Be mindful that BBP injury logs and incident reports are subject to medical privacy laws to the extent they contain the names and other identifying information about the workers involved. Translation: You must keep the protected health information listed in these log forms and reports confidential and not disclose it to third parties except as permitted or required by law.

Step 13: Provide for Medical Examination of Workers Injured in Exposure Incidents

Under the OHS laws of most jurisdictions, OHS officials may, with the worker’s consent, require employers to provide and pay for a medical consultation to determine whether a worker involved in an exposure incident or otherwise exposed to BBPs has suffered an occupational illness as a result. If reasonably practicable, such exams should take place during the worker’s normal work hours and the employer must treat the time in taking and getting to and from the exam as work time without making any deductions to salary or wages.

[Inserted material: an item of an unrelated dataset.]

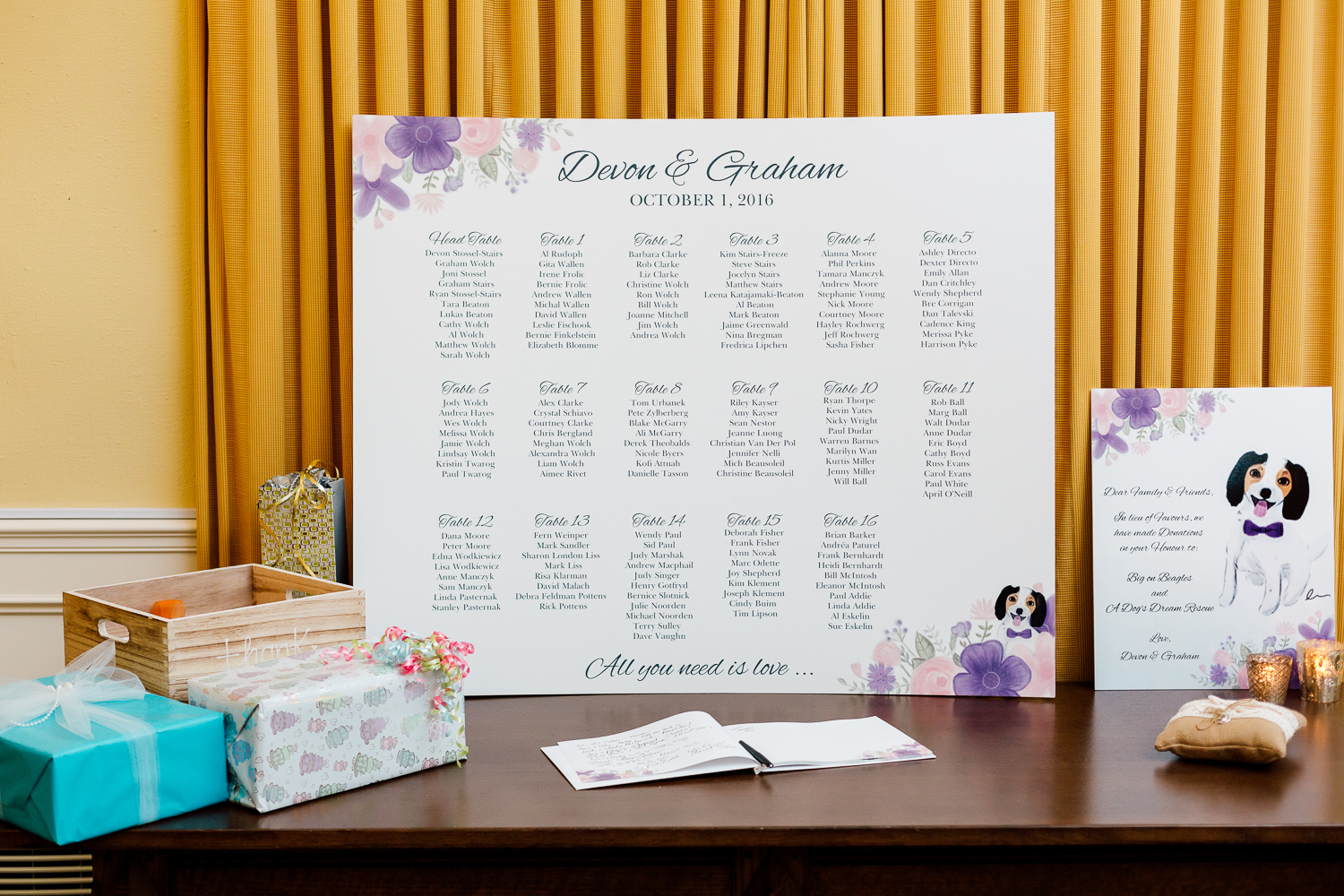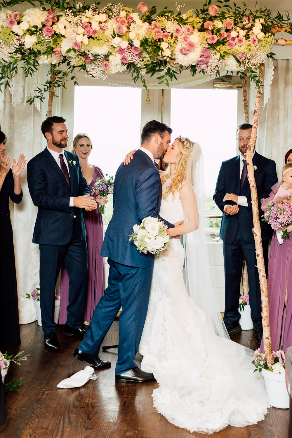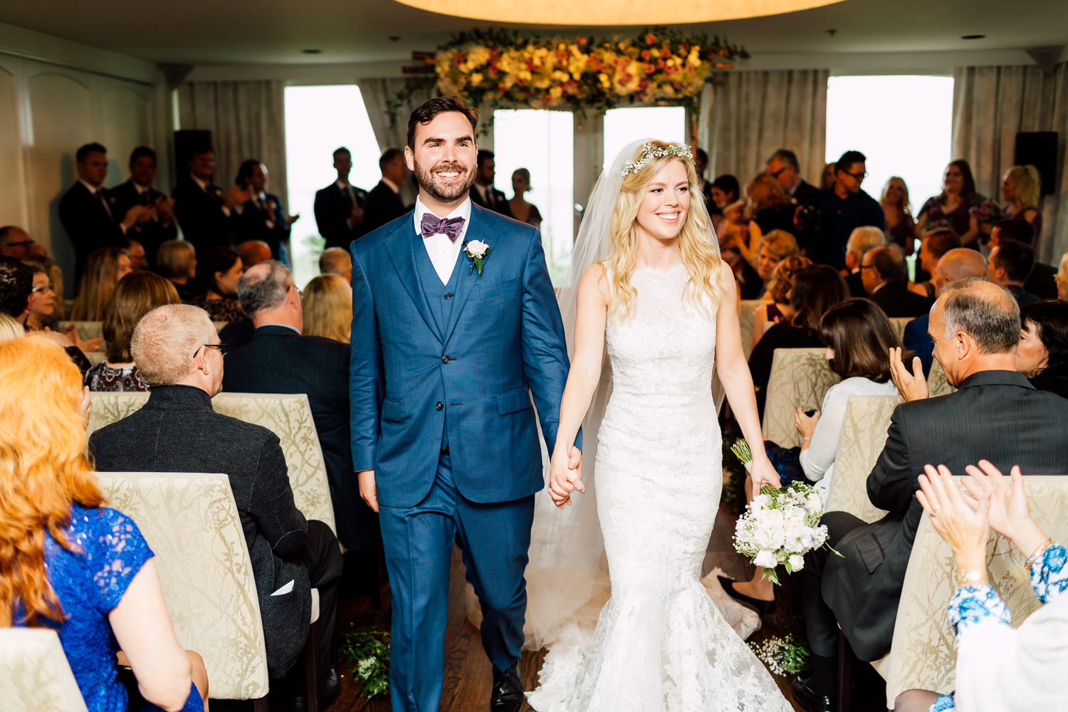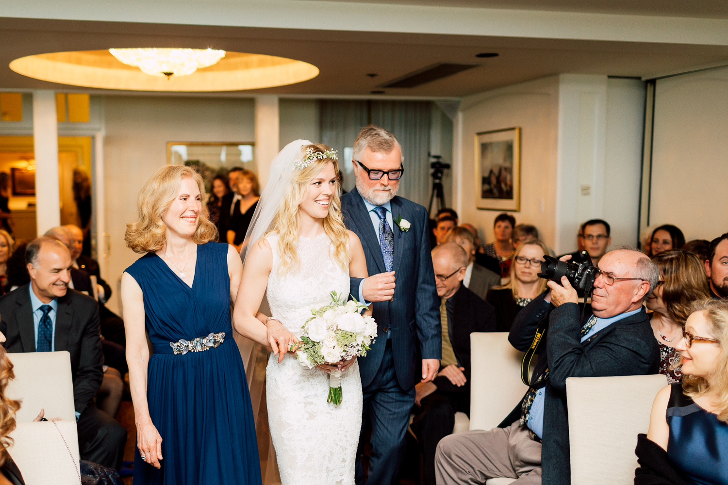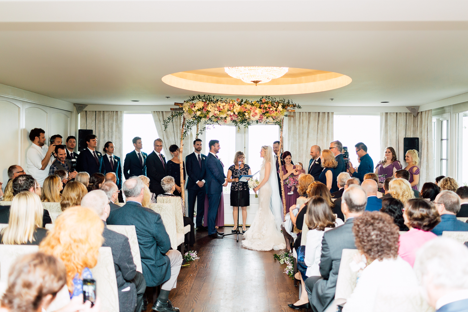 The Toronto Hunt Club is an exclusive venue in Scarborough that offers a stunning cliffside view of the lake. We were lucky to have been able to spend time in the beautiful outdoors for portraits before the rain started to fall. Rain on the wedding day never brings us down, and it shouldn’t cause you to frown either! These tend to be our memorable weddings because we get reminded of what’s most important: celebrating the couple’s love. We celebrated Devon and Graham’s union inside the Hunt Club. With how gorgeous everything fell together for their ceremony, we forgot that there was even an outside. As planned, their too cute for words canine practically rushed down the aisle as the ring barrier, just as excited as everyone in the room.

Step 14: If Necessary, Offer Free Vaccinations to Workers Exposed to BBPs Hazards

In BC, employers must offer workers exposed to the risk of HBV free vaccination against the virus. That requirement may also be expanded to vaccinations against other pathogens named in the OHS regulations. In Alberta, employers must provide workers who are involved in actual BBP exposure incidents information about how they can get vaccinated as part of a broader confidential post-incident exposure valuation. You should keep written records documenting the worker’s consent to or decline of the offer to be vaccinated.